Some fitness organizations are beginning to address the reality of fitness at every size, and are actively promoting training for fitness professionals that are sensitive to the needs of non-athletes, with particular focus on obese, children, or senior-aged clients.
More and more, we see intentional efforts to call out false, shaming and misleading advertising. London’s mayor, Sadiq Khan, has banned ads which might cause body confidence issues, such as the infamous “Beach Body Ready” placards seen on public transport last year, saying:
“Nobody should feel pressurised, while they travel on the Tube or bus, into unrealistic expectations surrounding their bodies and I want to send a clear message to the advertising industry about this.”

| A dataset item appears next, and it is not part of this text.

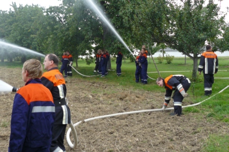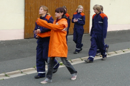 Als Betreuer kümmerten sich Kommandant Thomas Haas, Adjutant Christian Alt, 1. Vorsitzender Andreas Eckert, Jugendbeauftragter Jochen Arzt und die Feuerwehrkameradin Christina Schuhmann um die jugendlichen Feuerwehrkameradinnen und Kameraden

Pope Francis has also recently spoken out on the marginalization of those who can’t fulfill the demands of “superficial perfection” by calling for acceptance and respect for difference.
“The world does not become better because only apparently ‘perfect’ — not to mention ‘made-over’ — people live there, [but] when solidarity and mutual acceptance and respect increase.”

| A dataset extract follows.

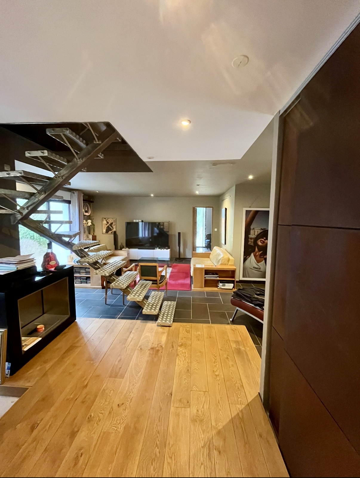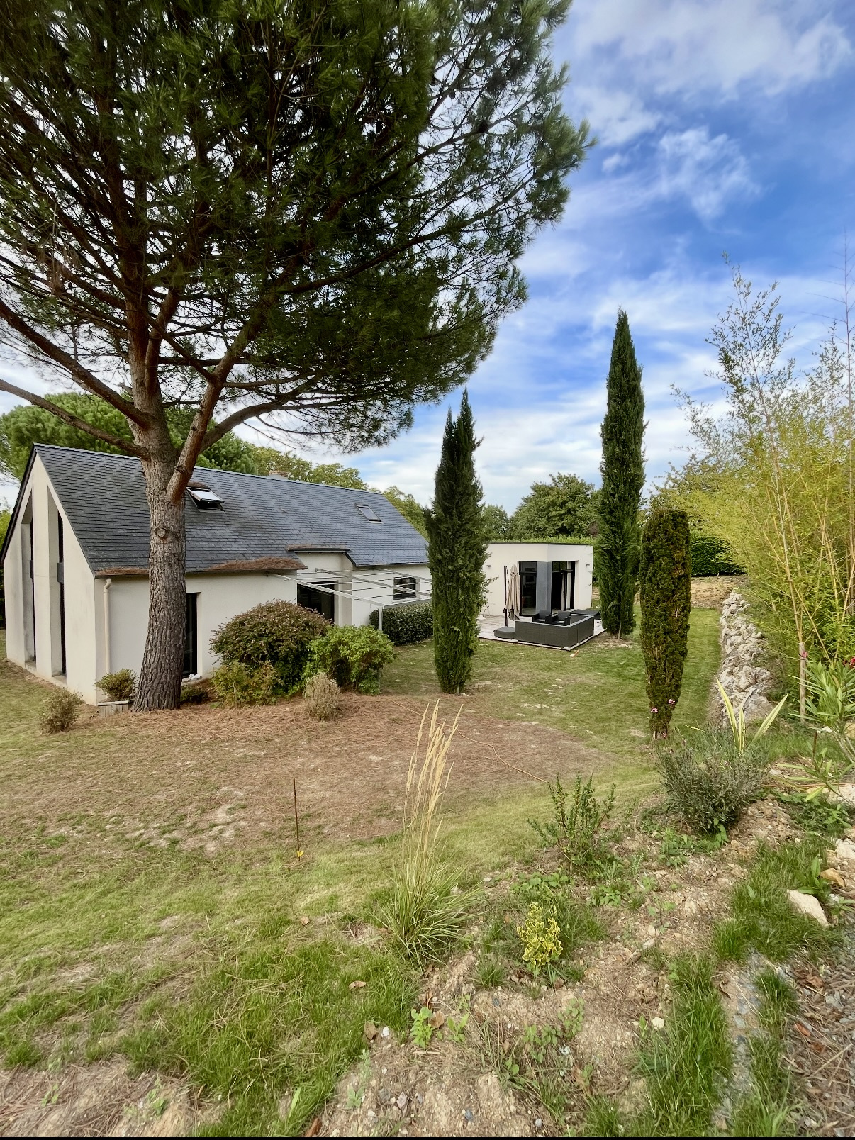 À seulement 10 minutes du centre-ville de Tours, aux portes de Saint-Cyr-sur-Loire, et à proximité à pied des transports scolaires, commerces alimentaires et du centre-ville, cette maison d'architecte aux prestations de qualité en parfait état général se situe dans un environnement privilégié et verdoyant. Entrée desservant une belle pièce de vie lumineuse avec accès terrasse, cuisine entièrement aménagée et équipée haut de gamme, arrière cuisine, 4 chambres dont 3 avec salles d'eau privatives.

Can we adapt healthcare systems, nutritional best practices and fitness programs to accommodate and encourage populations seeking access to appropriate medical treatment, nutritional support, and fitness plans regardless of size? Right now, these institutions are fraught with obstruction, misguided assumptions and misaligned perceptions.

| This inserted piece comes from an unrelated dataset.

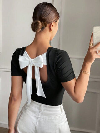 Serisse ملابس علوية T قصيرة الأكمام مطبوعة بالأربطة على الظهر للنساء ذو لون متباين مع ربطة عنق، أسود فضفاض وأنيق، قصير الأكمام ذو فتحة رقبة مربعة ومستديرة, للربيع والصيف

The top of mind goal should be to inoculate future generations to be less susceptible to becoming obese, through competent and appropriate healthcare, access to adequate, nourishing food and regular physical activity, but the battle lines should be drawn to ensure that those caught by historical trends in healthcare, nutrition, and fitness are not further disadvantaged by inappropriate treatment from those in these care professions, which currently manifest additional burdens to their ongoing good health.
Doctors should listen to their patients and work with them to find forms of treatment not based solely on weight or visual signals of health. Nutritionists should educate their clients on how to better feed their bodies, and gyms, trainers, and other fitness professionals should welcome every participant — without judgement or a pre-requisite of committing to get thinner. Let’s not let an imagined perfect be the enemy of the realistic good.
*In this article, I use “normal” in quotation marks because there is very little agreement about what a normal weight should be. I have also used caution with words like “healthy,” which should never be used to describe foods, or choices, and “fitness” which is generally ascribed such a narrow, visual definition as to be meaningless for the general public.